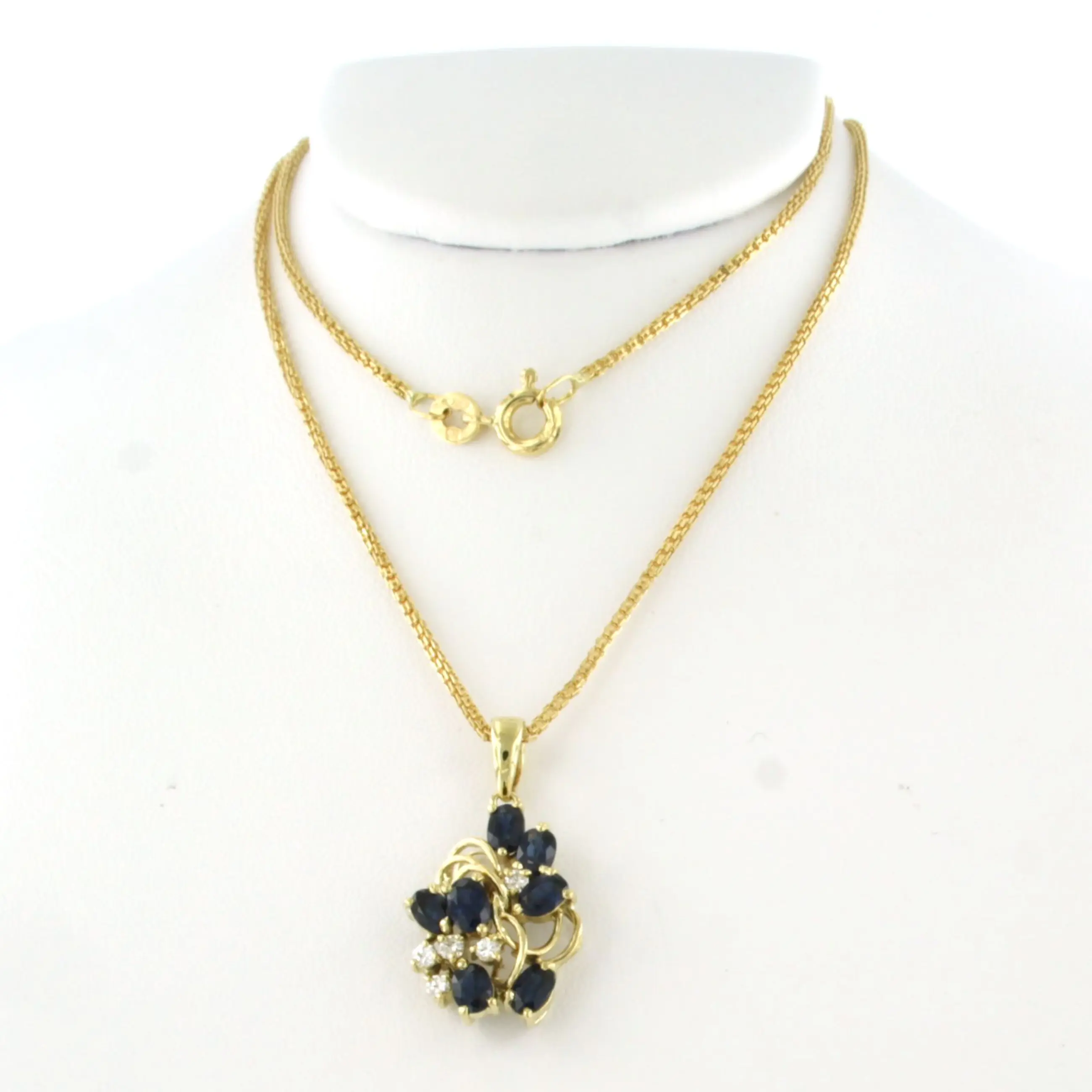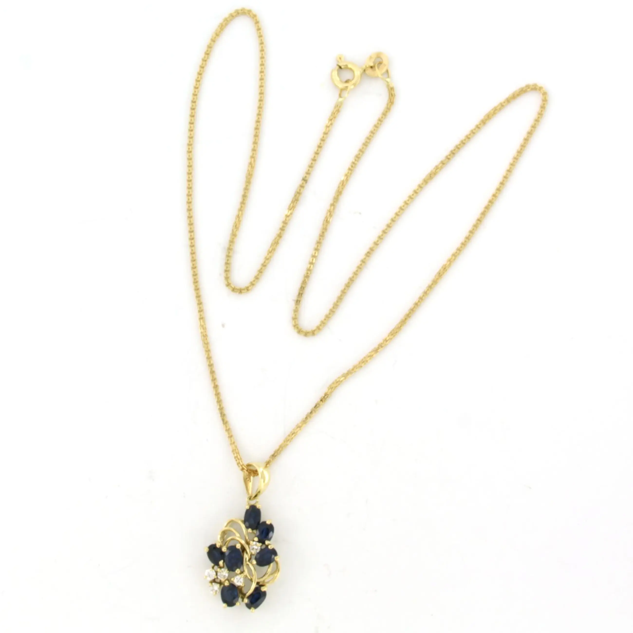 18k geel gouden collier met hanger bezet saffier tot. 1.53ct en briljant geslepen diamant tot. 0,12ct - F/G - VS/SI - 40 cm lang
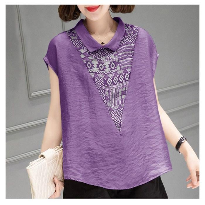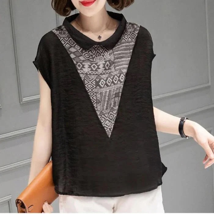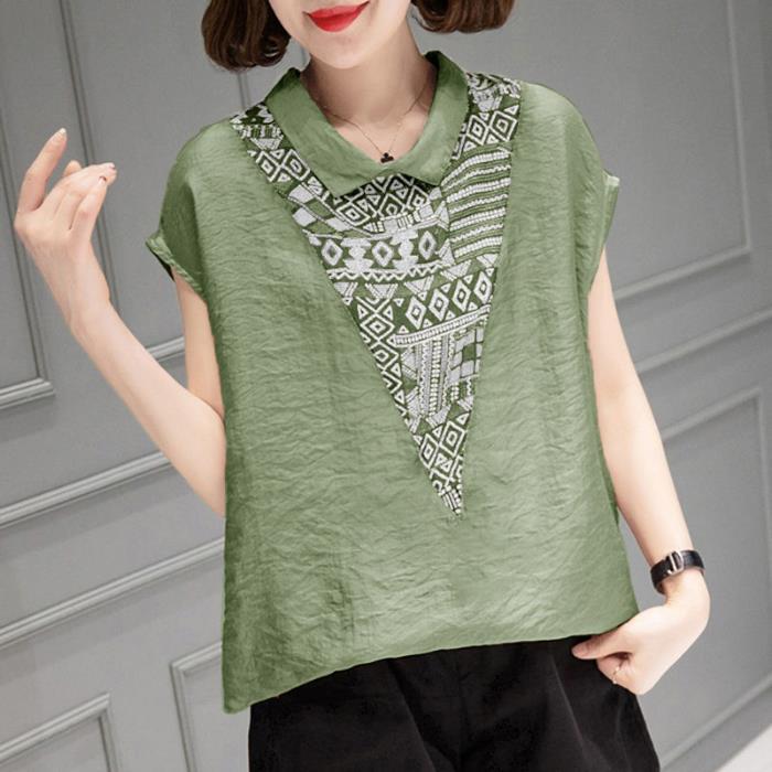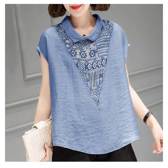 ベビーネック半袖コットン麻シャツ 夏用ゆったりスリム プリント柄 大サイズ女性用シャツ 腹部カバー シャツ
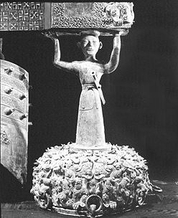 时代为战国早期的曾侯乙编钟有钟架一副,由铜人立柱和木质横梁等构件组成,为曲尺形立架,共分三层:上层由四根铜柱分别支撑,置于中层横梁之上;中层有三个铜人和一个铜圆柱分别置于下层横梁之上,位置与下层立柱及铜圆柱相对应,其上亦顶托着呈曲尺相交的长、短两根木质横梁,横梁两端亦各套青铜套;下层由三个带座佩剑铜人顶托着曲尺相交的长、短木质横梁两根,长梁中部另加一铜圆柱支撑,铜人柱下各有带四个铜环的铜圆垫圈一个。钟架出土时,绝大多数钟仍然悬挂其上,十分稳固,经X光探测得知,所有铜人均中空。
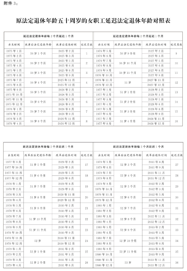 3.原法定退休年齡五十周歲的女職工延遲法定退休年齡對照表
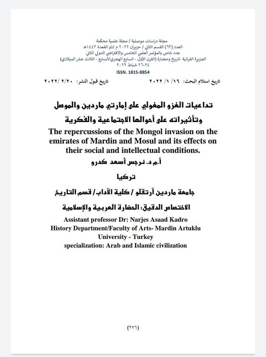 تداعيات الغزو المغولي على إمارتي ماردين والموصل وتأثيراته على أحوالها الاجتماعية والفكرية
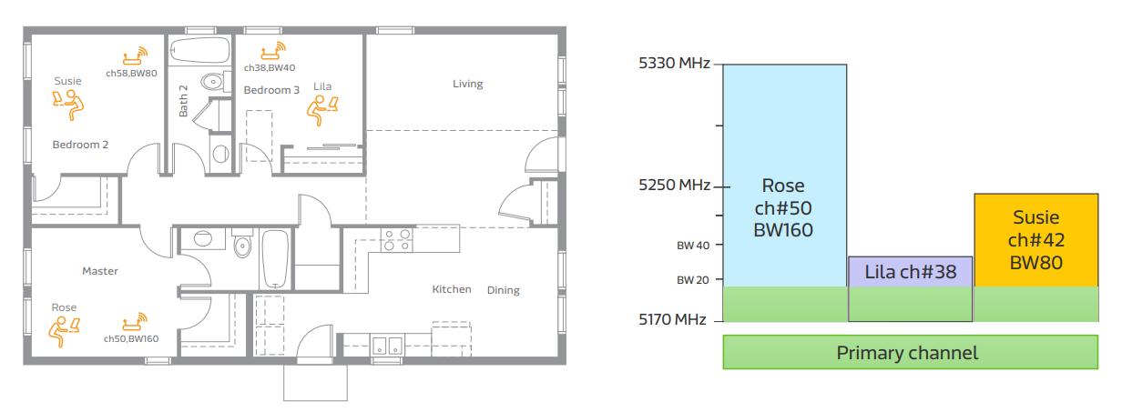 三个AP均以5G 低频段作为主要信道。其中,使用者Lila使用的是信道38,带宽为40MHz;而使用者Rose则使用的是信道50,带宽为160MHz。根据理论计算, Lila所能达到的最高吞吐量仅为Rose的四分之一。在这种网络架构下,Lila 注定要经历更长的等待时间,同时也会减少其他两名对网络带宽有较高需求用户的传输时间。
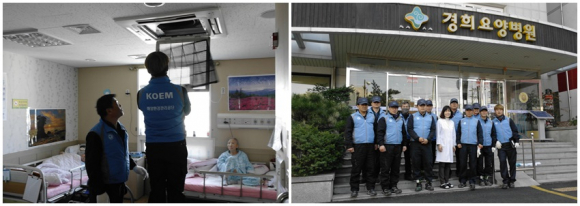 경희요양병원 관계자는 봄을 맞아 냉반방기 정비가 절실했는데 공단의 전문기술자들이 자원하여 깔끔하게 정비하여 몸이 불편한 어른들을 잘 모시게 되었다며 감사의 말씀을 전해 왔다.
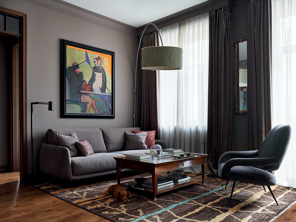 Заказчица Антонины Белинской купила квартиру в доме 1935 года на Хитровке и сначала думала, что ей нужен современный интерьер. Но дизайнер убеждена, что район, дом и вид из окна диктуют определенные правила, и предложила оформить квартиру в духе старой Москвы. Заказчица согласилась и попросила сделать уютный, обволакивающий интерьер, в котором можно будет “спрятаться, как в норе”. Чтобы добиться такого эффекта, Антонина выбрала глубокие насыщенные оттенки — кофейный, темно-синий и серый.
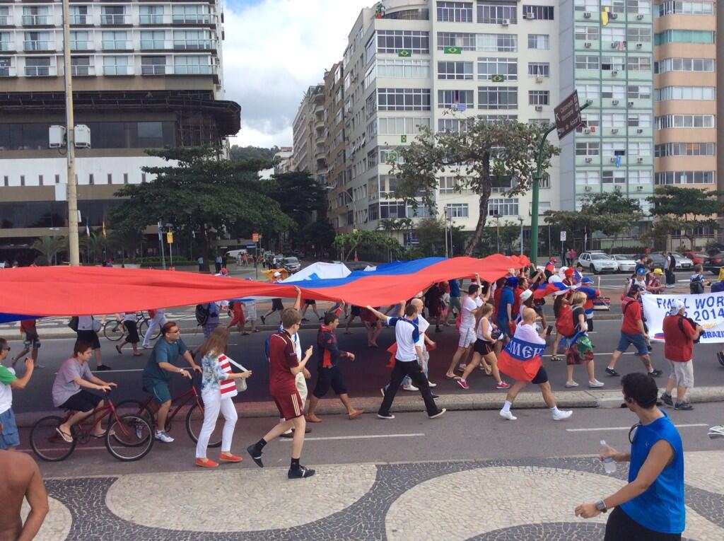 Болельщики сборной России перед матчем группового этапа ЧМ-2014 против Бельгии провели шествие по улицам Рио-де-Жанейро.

...

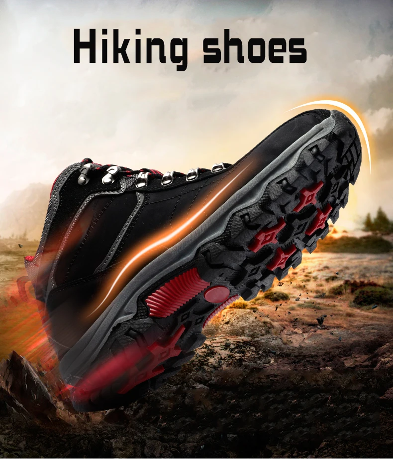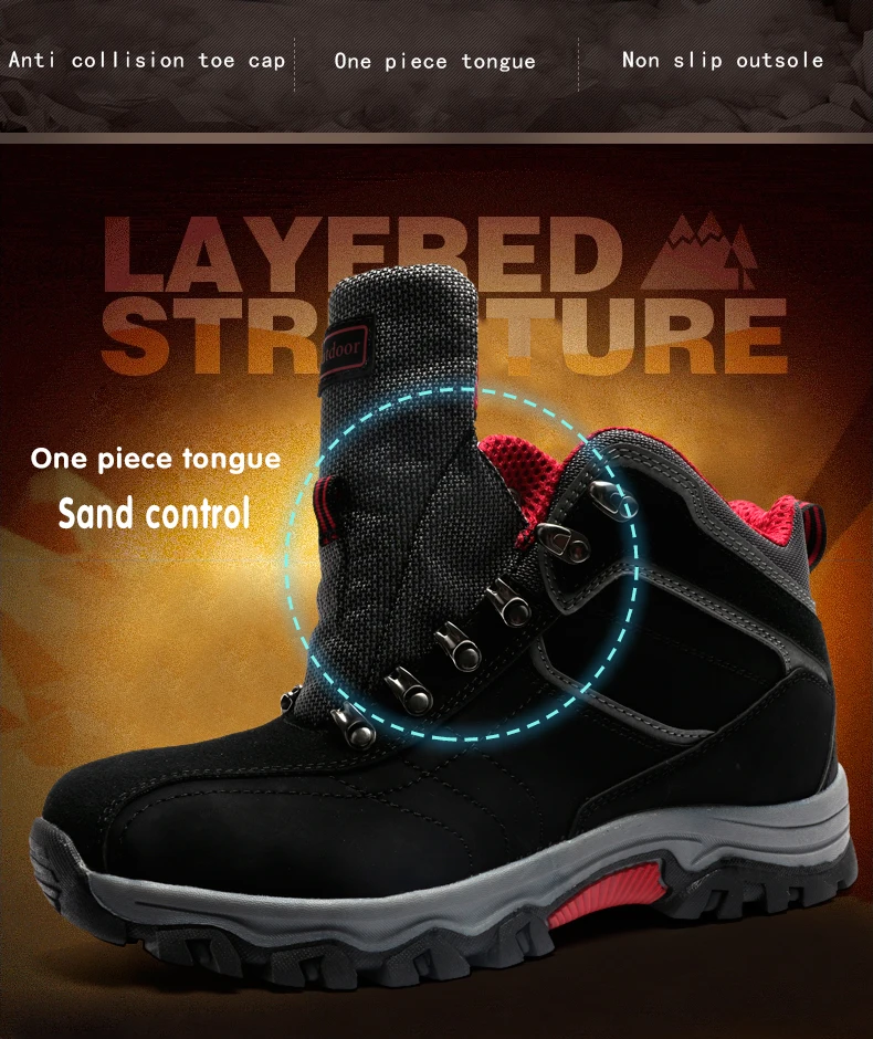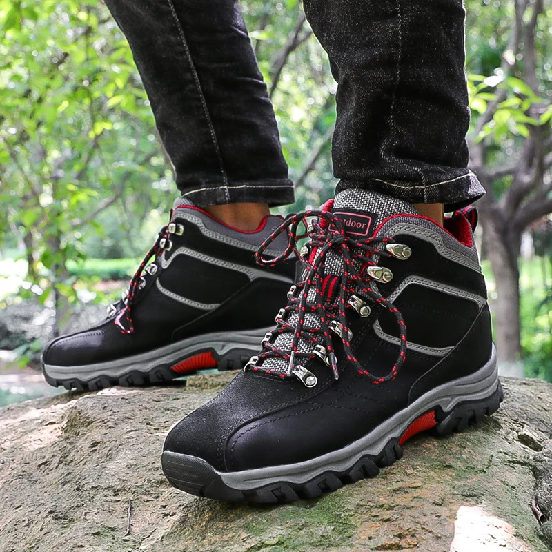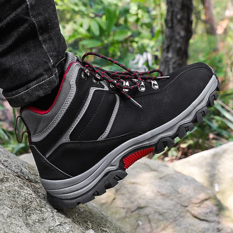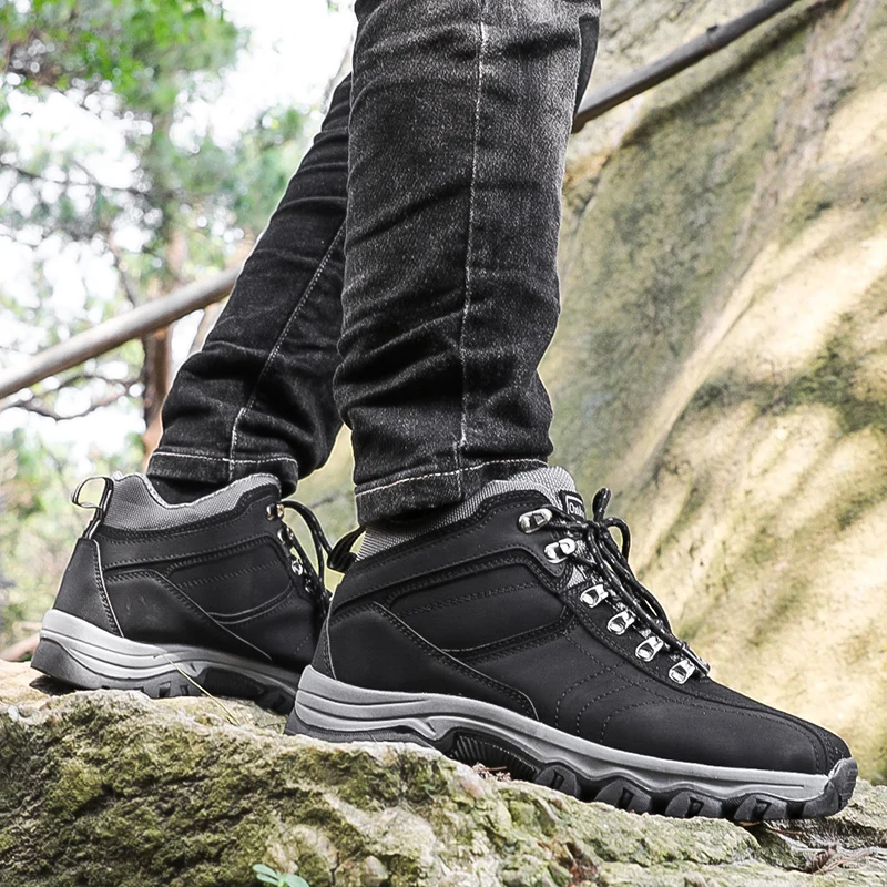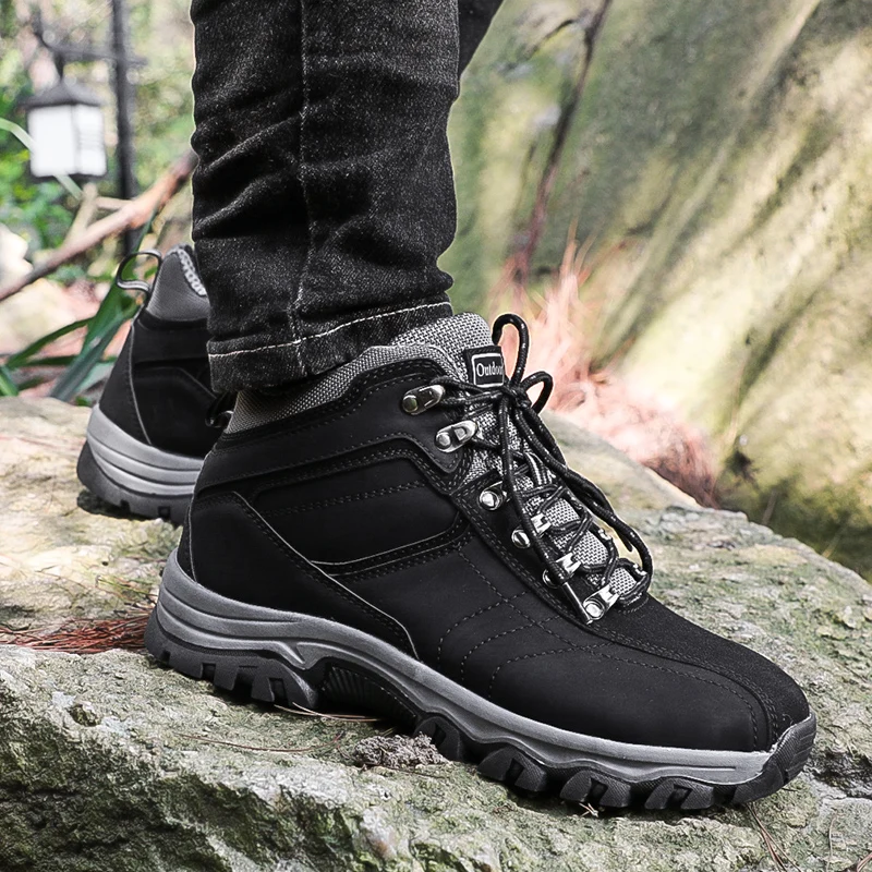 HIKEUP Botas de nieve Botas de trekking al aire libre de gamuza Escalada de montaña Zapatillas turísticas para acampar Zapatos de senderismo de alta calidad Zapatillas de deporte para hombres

▸ **ACTIVITY**:
Above are some records; extract exactly the lines from the one containing "경희요양병원 관계자는 봄을" through the one containing "Болельщики сборной России" and drop the pictures.

▸ **EXERCISE RESULT**:
 경희요양병원 관계자는 봄을 맞아 냉반방기 정비가 절실했는데 공단의 전문기술자들이 자원하여 깔끔하게 정비하여 몸이 불편한 어른들을 잘 모시게 되었다며 감사의 말씀을 전해 왔다.
 Заказчица Антонины Белинской купила квартиру в доме 1935 года на Хитровке и сначала думала, что ей нужен современный интерьер. Но дизайнер убеждена, что район, дом и вид из окна диктуют определенные правила, и предложила оформить квартиру в духе старой Москвы. Заказчица согласилась и попросила сделать уютный, обволакивающий интерьер, в котором можно будет “спрятаться, как в норе”. Чтобы добиться такого эффекта, Антонина выбрала глубокие насыщенные оттенки — кофейный, темно-синий и серый.
 Болельщики сборной России перед матчем группового этапа ЧМ-2014 против Бельгии провели шествие по улицам Рио-де-Жанейро.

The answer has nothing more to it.